■ **Record excerpts**
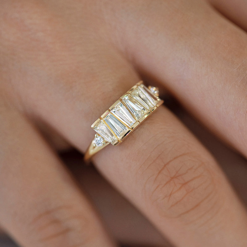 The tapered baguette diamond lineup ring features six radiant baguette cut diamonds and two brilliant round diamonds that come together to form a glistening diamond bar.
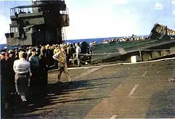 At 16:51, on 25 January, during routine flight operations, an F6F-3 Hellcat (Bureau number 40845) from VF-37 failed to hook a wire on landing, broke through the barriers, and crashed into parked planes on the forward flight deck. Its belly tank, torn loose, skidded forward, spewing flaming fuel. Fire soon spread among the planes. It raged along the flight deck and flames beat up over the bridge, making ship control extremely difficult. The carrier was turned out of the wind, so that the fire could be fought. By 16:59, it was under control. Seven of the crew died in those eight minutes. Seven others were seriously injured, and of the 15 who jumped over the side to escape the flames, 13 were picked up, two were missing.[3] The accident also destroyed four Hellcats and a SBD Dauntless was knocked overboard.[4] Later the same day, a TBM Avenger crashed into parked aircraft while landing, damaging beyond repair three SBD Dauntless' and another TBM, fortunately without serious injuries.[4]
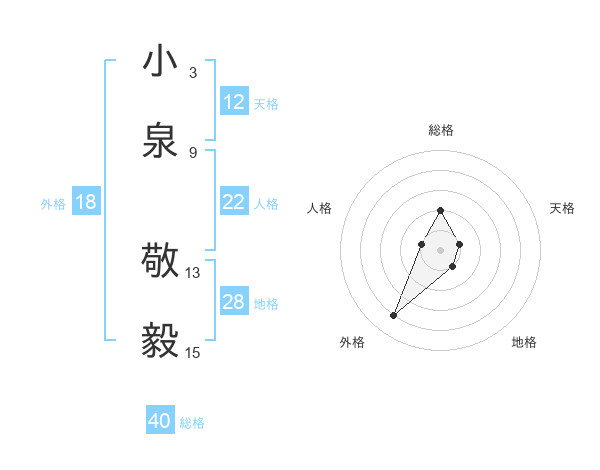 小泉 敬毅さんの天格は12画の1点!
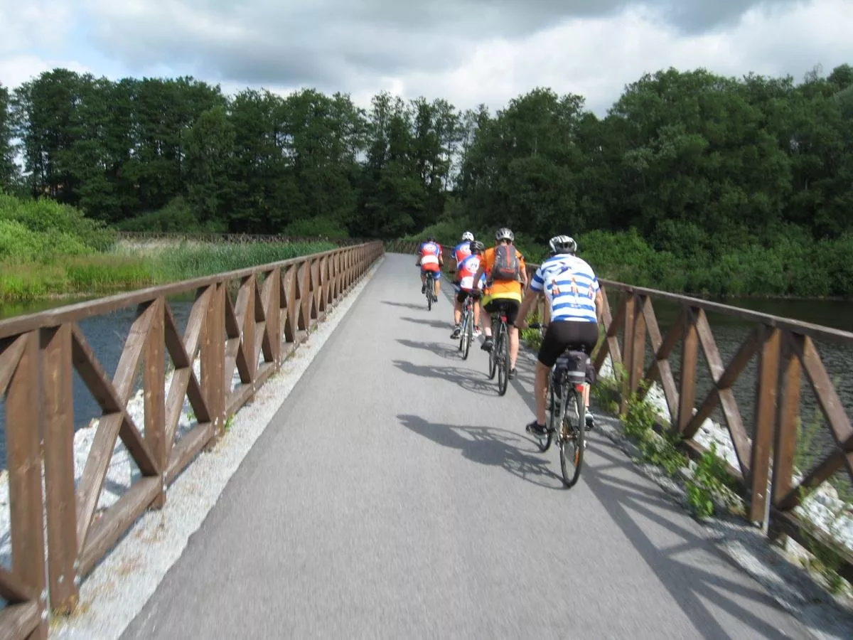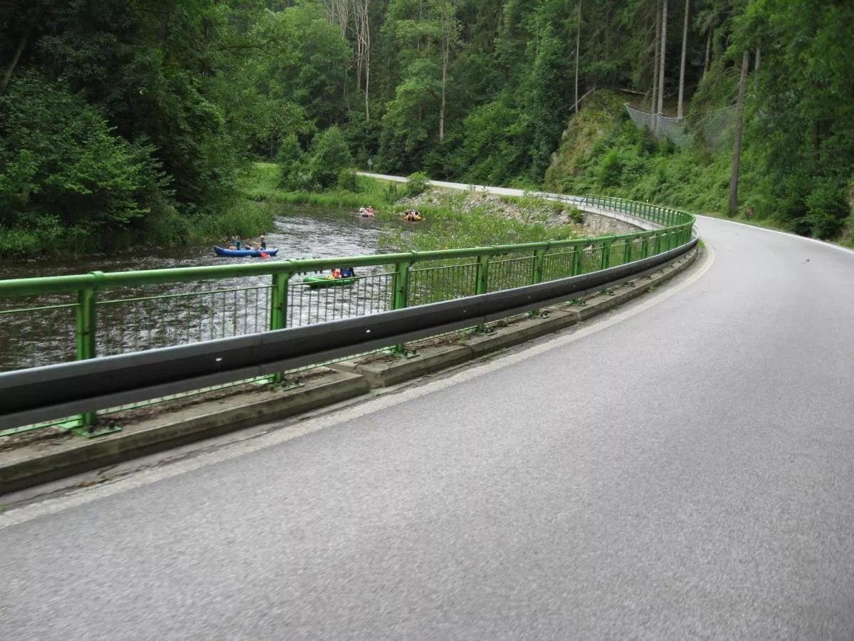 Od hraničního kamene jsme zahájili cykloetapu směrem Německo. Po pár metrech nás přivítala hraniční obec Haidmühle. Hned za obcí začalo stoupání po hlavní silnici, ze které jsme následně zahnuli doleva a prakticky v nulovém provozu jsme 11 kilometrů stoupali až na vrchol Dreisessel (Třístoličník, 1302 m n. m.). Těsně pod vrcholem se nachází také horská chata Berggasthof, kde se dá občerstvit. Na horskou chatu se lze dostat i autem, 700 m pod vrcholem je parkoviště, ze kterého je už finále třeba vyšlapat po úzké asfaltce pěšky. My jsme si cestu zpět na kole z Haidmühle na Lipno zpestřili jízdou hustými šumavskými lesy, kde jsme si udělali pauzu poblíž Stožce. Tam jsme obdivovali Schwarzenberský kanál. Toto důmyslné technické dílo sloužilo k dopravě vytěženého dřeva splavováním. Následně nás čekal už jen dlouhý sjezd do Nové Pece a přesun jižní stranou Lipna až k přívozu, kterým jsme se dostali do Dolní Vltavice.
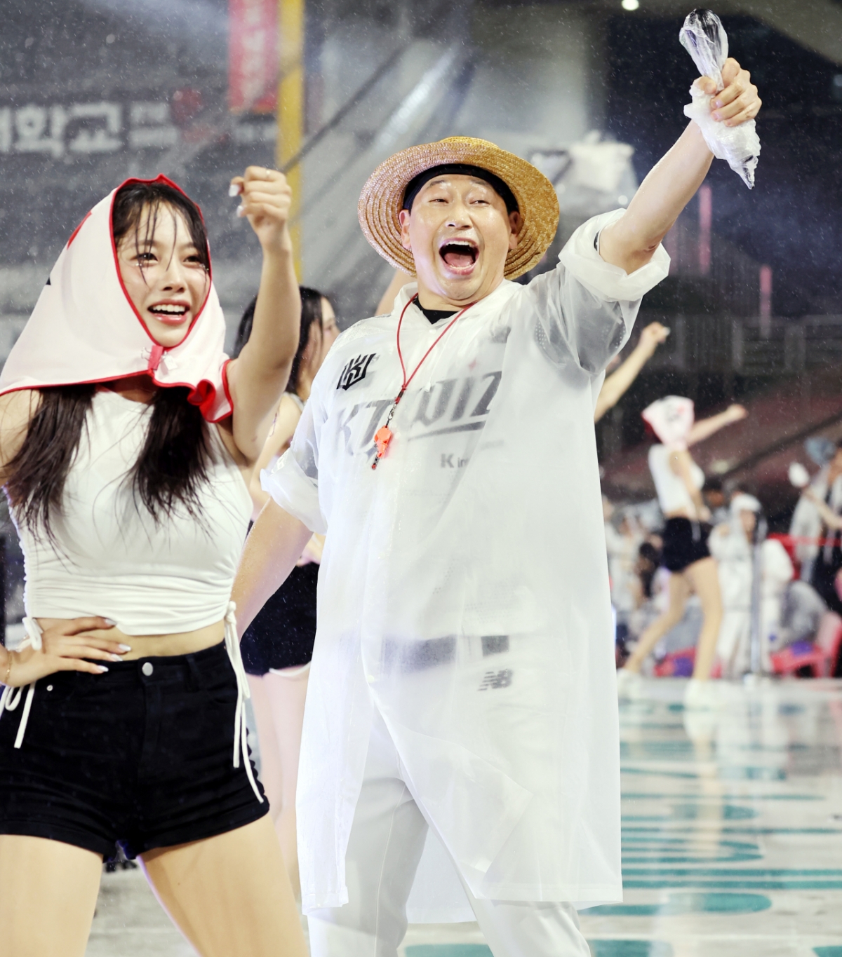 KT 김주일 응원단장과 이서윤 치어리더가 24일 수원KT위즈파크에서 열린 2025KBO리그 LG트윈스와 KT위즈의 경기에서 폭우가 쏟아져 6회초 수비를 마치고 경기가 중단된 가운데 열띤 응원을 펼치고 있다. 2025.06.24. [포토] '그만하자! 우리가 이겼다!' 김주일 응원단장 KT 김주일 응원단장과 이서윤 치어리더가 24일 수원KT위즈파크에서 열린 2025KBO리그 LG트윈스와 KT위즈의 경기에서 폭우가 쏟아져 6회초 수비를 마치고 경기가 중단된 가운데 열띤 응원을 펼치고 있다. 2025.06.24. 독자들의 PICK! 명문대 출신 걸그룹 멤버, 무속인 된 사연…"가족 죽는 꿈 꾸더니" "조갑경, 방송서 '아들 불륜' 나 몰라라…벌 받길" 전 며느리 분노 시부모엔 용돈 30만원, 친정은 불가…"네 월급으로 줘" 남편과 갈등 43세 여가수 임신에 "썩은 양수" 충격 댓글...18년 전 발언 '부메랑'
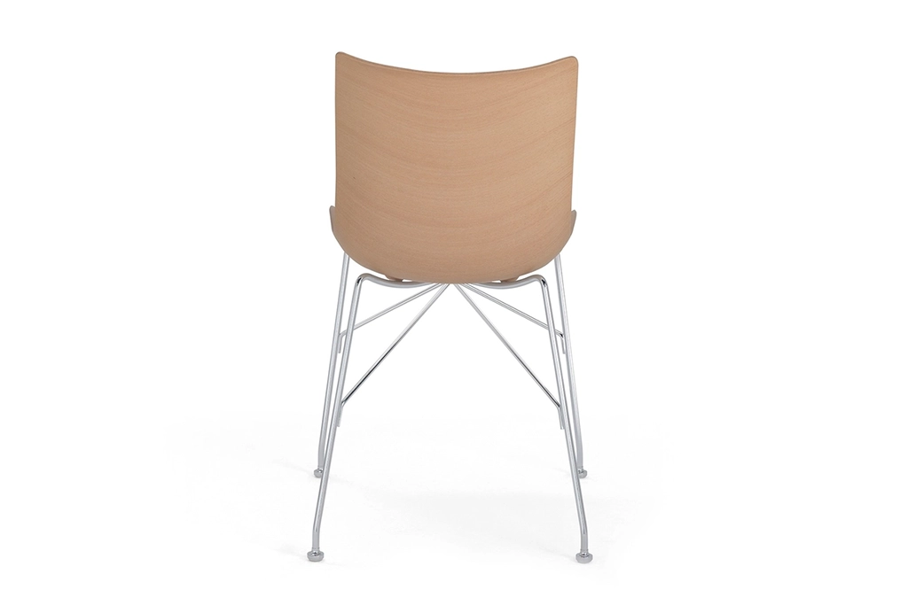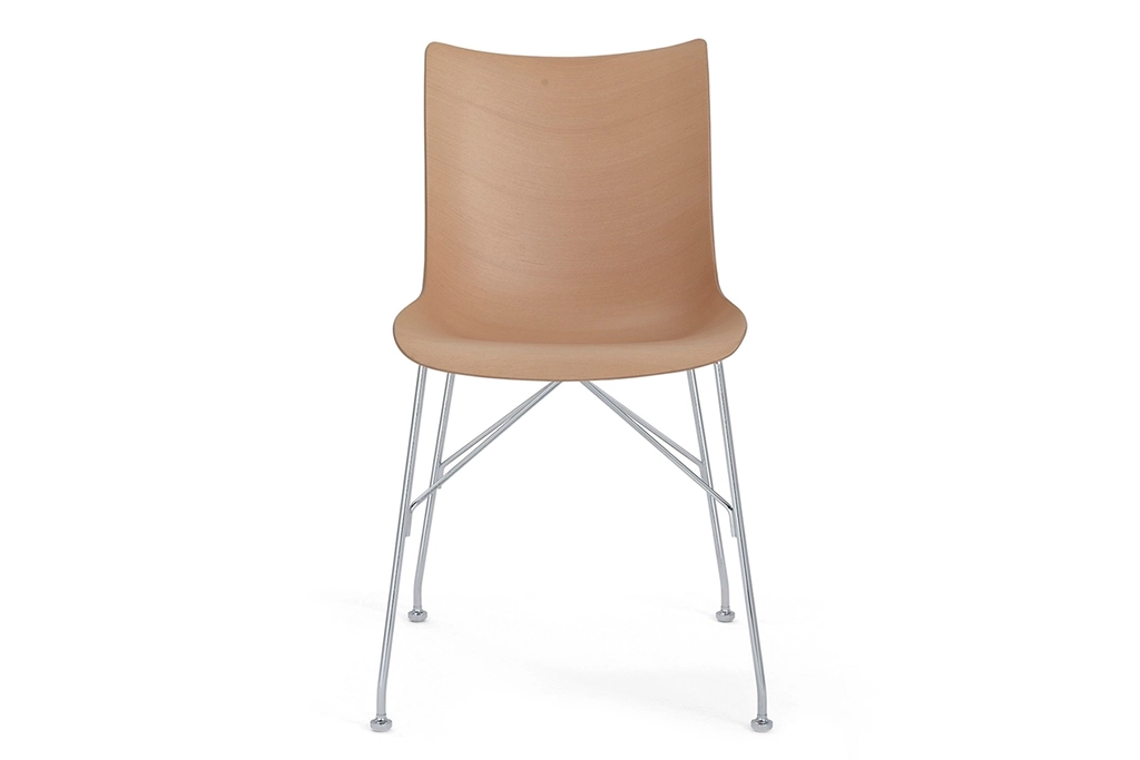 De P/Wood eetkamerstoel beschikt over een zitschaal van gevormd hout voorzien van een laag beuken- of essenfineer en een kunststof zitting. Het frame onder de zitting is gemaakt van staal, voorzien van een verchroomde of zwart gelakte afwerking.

■ **What is required**
Pictures in the material above should be skipped; print exactly the lines from the one with "At 16:51, on" through the one with "小泉 敬毅さんの天格は12画の1点!".

■ **Finished exercise**
 At 16:51, on 25 January, during routine flight operations, an F6F-3 Hellcat (Bureau number 40845) from VF-37 failed to hook a wire on landing, broke through the barriers, and crashed into parked planes on the forward flight deck. Its belly tank, torn loose, skidded forward, spewing flaming fuel. Fire soon spread among the planes. It raged along the flight deck and flames beat up over the bridge, making ship control extremely difficult. The carrier was turned out of the wind, so that the fire could be fought. By 16:59, it was under control. Seven of the crew died in those eight minutes. Seven others were seriously injured, and of the 15 who jumped over the side to escape the flames, 13 were picked up, two were missing.[3] The accident also destroyed four Hellcats and a SBD Dauntless was knocked overboard.[4] Later the same day, a TBM Avenger crashed into parked aircraft while landing, damaging beyond repair three SBD Dauntless' and another TBM, fortunately without serious injuries.[4]
 小泉 敬毅さんの天格は12画の1点!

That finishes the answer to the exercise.